I am grateful. I’m grateful for many things. Mostly for living in a country where despite all the cuts and the multiple problems facing disabled people living in it I have access to the NHS, which provides me with free health care when I need it. For the benefits which provide me with financial support. For a flat that’s fully adapted to my needs and allows me some independence. For friends and family who make me laugh, lift me up when I’m feeling down and mean a lot to me.
In the disability rights movement a phrase that comes up a lot is “nothing about me without me.” Basically, nothing should be done to or for a disabled person without asking what they think. For me personally it’s something I very much believe in but as a concept it’s not been something new and life changing (as it has for others) I was taught by my family from the word go that I might not be able to stand but I’d always need to stand up for myself and my rights.
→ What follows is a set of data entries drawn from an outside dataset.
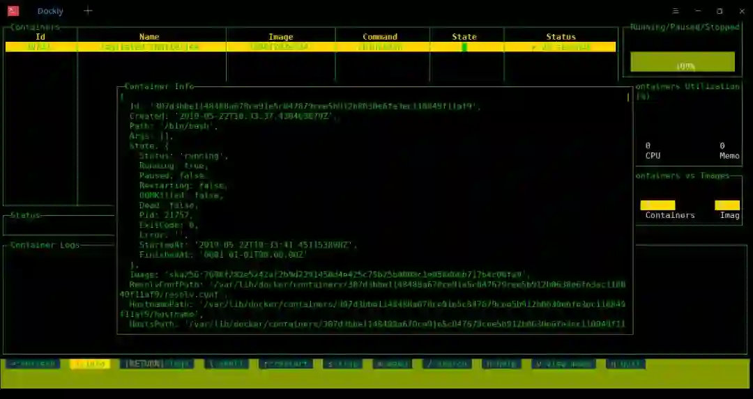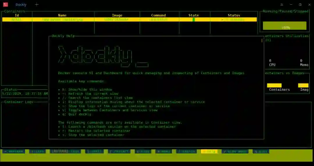 在底部,有少量的键盘快捷键来执行各种 Docker 管理任务。以下是目前可用的键盘快捷键列表: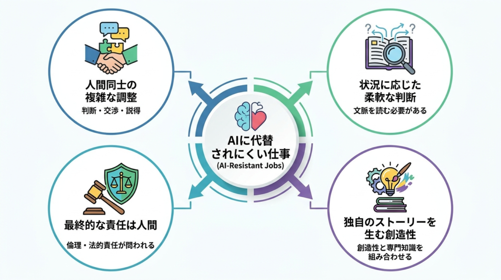 何かあったとき「AIが決めました」では通りません。最終的な責任は人間が負う仕事がAI耐性の高い仕事の特徴です。
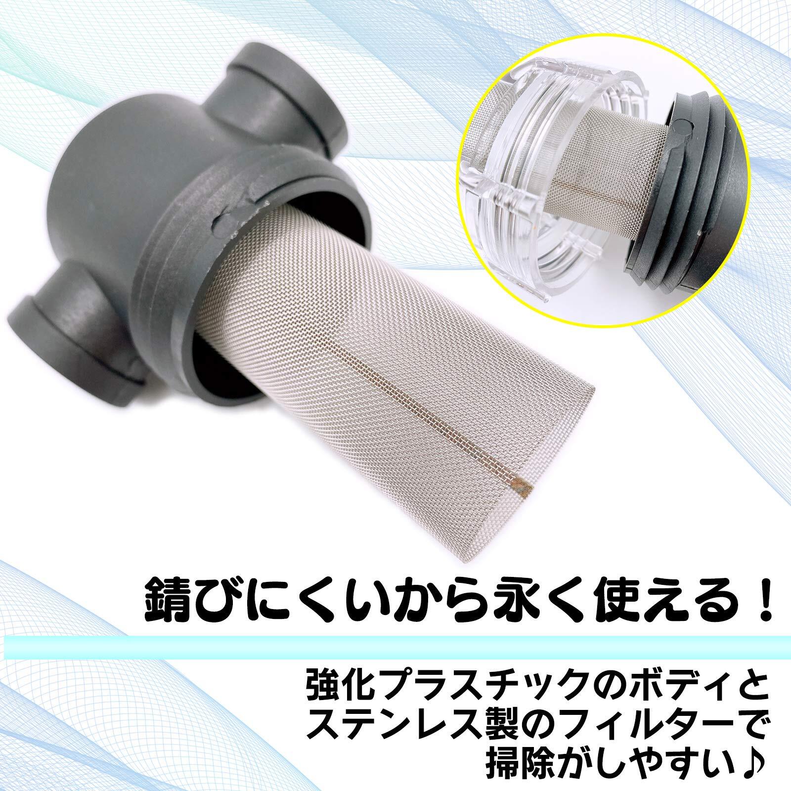 硬質塩ビ樹脂製なので金属とは違い錆びず、赤錆も出ません。 ボディは強化プラスチックで軽量かつ、スケルトンなので取り除いた砂やゴミが目視で確認出来ます。 また、水損失抵抗が少なく抵抗増加がほとんどなくフィルターはステンレス製なので長くお使いいただけます。

Up until this year not being heard was a very rare thing.
I’ve spent a lot of time this year fighting with a couple of people and places that could easily have included me. Everyone who knew about it agreed it was easily solvable. The organisation wanted to find a solution too. When I spoke to them, they’d agree that it could be done. Then a few weeks later they’d say we’ve decided that what we agreed wouldn’t be safe for you. We’ll do this but it’ll take a month to sort. The fact I felt it was safe was ignored. That month would pass and another excuse or problem would have been found.
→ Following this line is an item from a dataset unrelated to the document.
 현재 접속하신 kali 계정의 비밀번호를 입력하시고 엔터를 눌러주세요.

I felt useless. It was obvious that my pushing for my rights was bothering the people employed by the organisation. Comments were made about how they were working very hard to resolve the issue and it would take time. I was told that I knew they were working on it and I needed to stop letting my disability stop me. They wanted me to shut up and be grateful they existed rather than asking to be fully included. OK so they didn’t tell me that but they didn’t need to, it was obvious. I felt guilty about it but also angry about the way I’d been treated. In a way my self-esteem was destroyed.
I’m sure they did work hard and there was probably a lot involved in solving it I didn’t know about (this was a small part of the NHS) but if they worked with me more than they did it could have been quicker and easier.
I know which treatments for my condition work best for me – I’ve had it my entire life. I know what disability equipment I can use and what I can’t. I can make an educated guess which new inventions have potential for me and are worth a try. Which will probably be a laugh but completely useless. I can tell you the size and capabilities of my wheelchair without needing to look it up. I know the pointed questions I have to ask to ensure that “oh yes we have wheelchair access” is actually the sort of access I consider accessible and they haven’t forgotten about the step to the front door or the fact they replaced their disabled changing room with a stock room (Evans in Reading, I’m looking at you). I even know that some places only have disabled toilets in the gents and you need a runner to check it for men using the urinals first (true story)
This is where the idea of ‘nothing about us without us’ comes into its own. I’m sure if you’re setting up a new business or moving into new premises the idea of providing accessible facilities might be a bit of an overwhelming process. Especially because you face the possibility of people like me coming along and making a fuss if you get it wrong.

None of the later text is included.